Segment Start: RECORDS PROVIDED
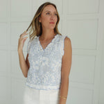 Add some "flower power" to your wardrobe with the Leland Top! This playful blue floral sleeveless top features fun ruffle trim and a stylish button down detail. Perfect for any occasion, this top will keep you looking fresh and fashionable.
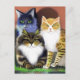 Postcard in a portrait of three cats with serious attitude - these guys mean business - a Russian Blue, a brown and white Persian, and an orange and white, tiger striped tabby
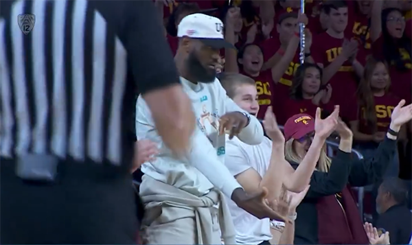 下半场布朗尼终于得分——在快攻反击中,布朗尼接球命中追身三分,如此一球点燃球馆,詹姆斯站起来为儿子疯狂庆祝,布朗尼终于打进大学生涯首球;打了3分钟后下场休息。
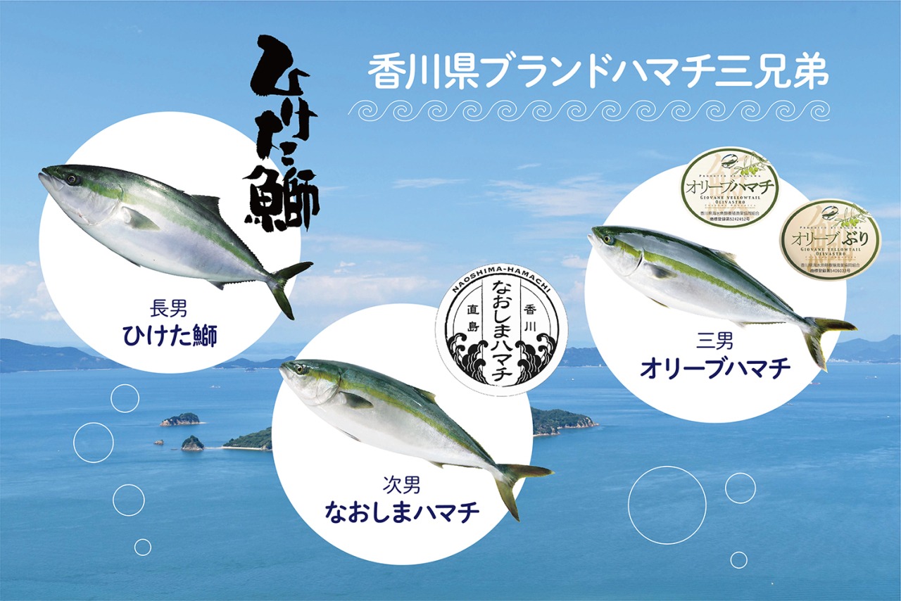 大きな生簀でのびのびと大らかに育った長男「ひけた鰤」、潮の流れの速い海で元気に育った次男「なおしまハマチ」、県魚のハマチと県木県花のオリーブのコラボーレーションによって生まれた三男「オリーブハマチ」。ハマチ養殖発祥の地ならではの歴史が築き上げ、個性があふれる「ハマチ三兄弟」は、県民に広く愛されています。
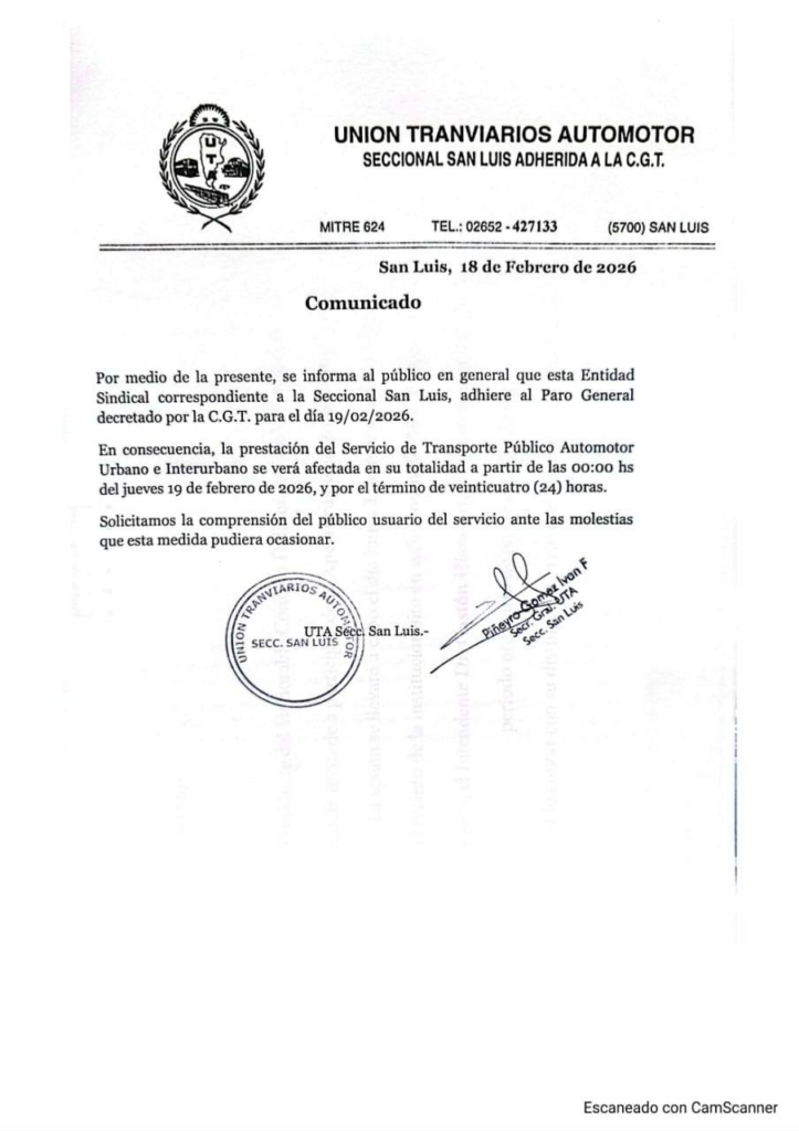 En un comunicado firmado por el secretario general de la UTA San Luis, Iván Piñeyro, el sindicato solicitó “la comprensión del público usuario ante las molestias que esta medida pudiera ocasionar”.
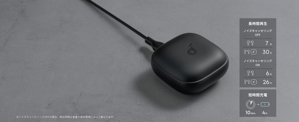 - 充電: USB-C急速充電(10分で最大4時間再生) ※ワイヤレス充電は非対応
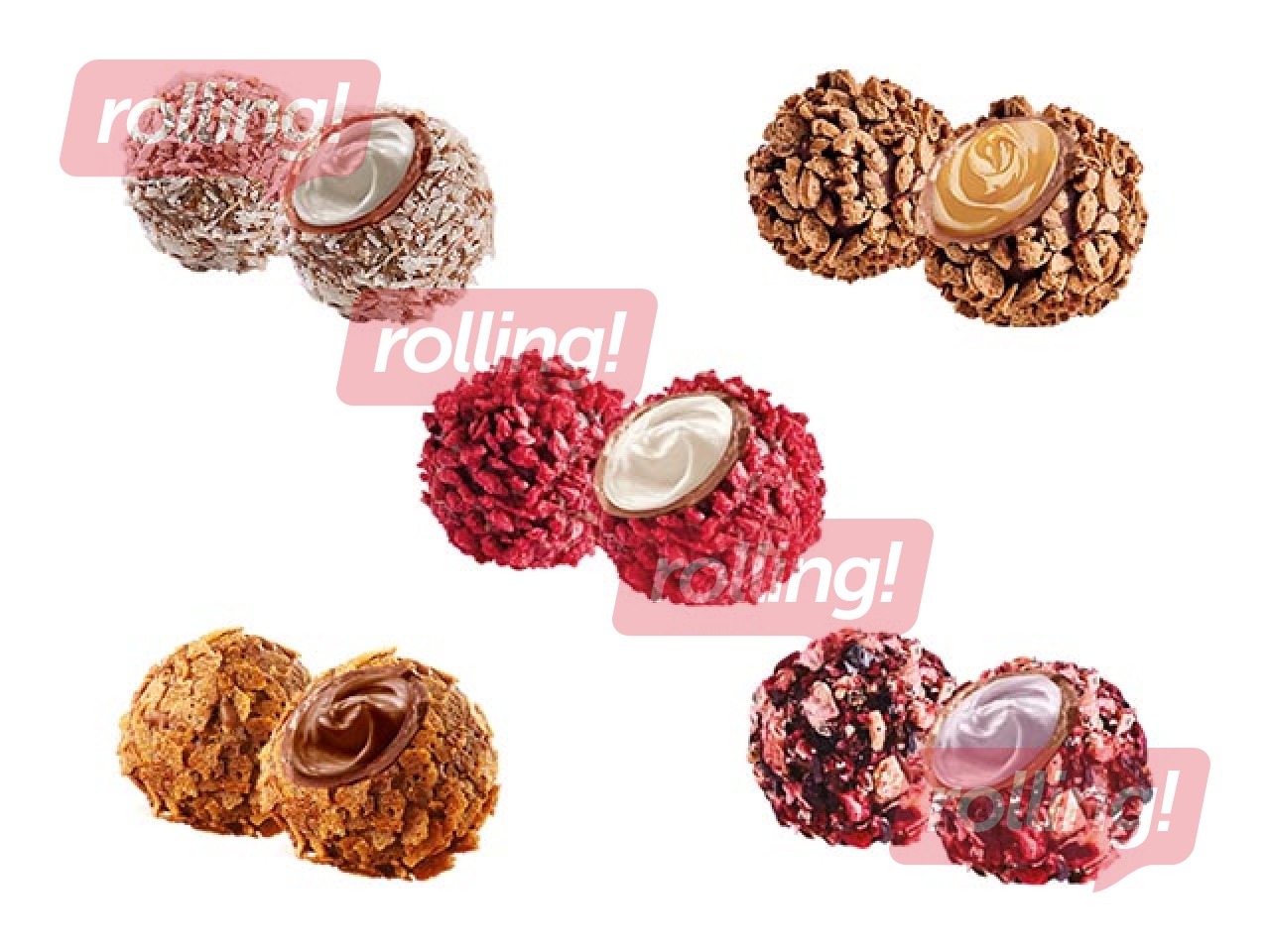 Piena šokolādes trifeles ar siera kūkas garšas krēma pildījumu un aveņu dekoru, ar karameļu krēma pildījumu un vafeļu dekoru, ar upeņu krēma pildījumu un upeņu dekoru, ar tiramisu krēma pildījumu un kraukšķīgo kafijas dekoru, ar kokosriekstu garšas krēma pildījumu un kokosriekstu dekoru.
Segment End: RECORDS PROVIDED
## ASSIGNMENT
What to print is the stretch of entries from the line with "下半场布朗尼终于得分——在快" up to and including the line with "- 充電: USB-C急速充電(10分で最大4時間再生) ※ワイヤレス充電は非対応". Please print it exactly and leave out the pictures.

## ANSWER AREA
 下半场布朗尼终于得分——在快攻反击中,布朗尼接球命中追身三分,如此一球点燃球馆,詹姆斯站起来为儿子疯狂庆祝,布朗尼终于打进大学生涯首球;打了3分钟后下场休息。
 大きな生簀でのびのびと大らかに育った長男「ひけた鰤」、潮の流れの速い海で元気に育った次男「なおしまハマチ」、県魚のハマチと県木県花のオリーブのコラボーレーションによって生まれた三男「オリーブハマチ」。ハマチ養殖発祥の地ならではの歴史が築き上げ、個性があふれる「ハマチ三兄弟」は、県民に広く愛されています。
 En un comunicado firmado por el secretario general de la UTA San Luis, Iván Piñeyro, el sindicato solicitó “la comprensión del público usuario ante las molestias que esta medida pudiera ocasionar”.
 - 充電: USB-C急速充電(10分で最大4時間再生) ※ワイヤレス充電は非対応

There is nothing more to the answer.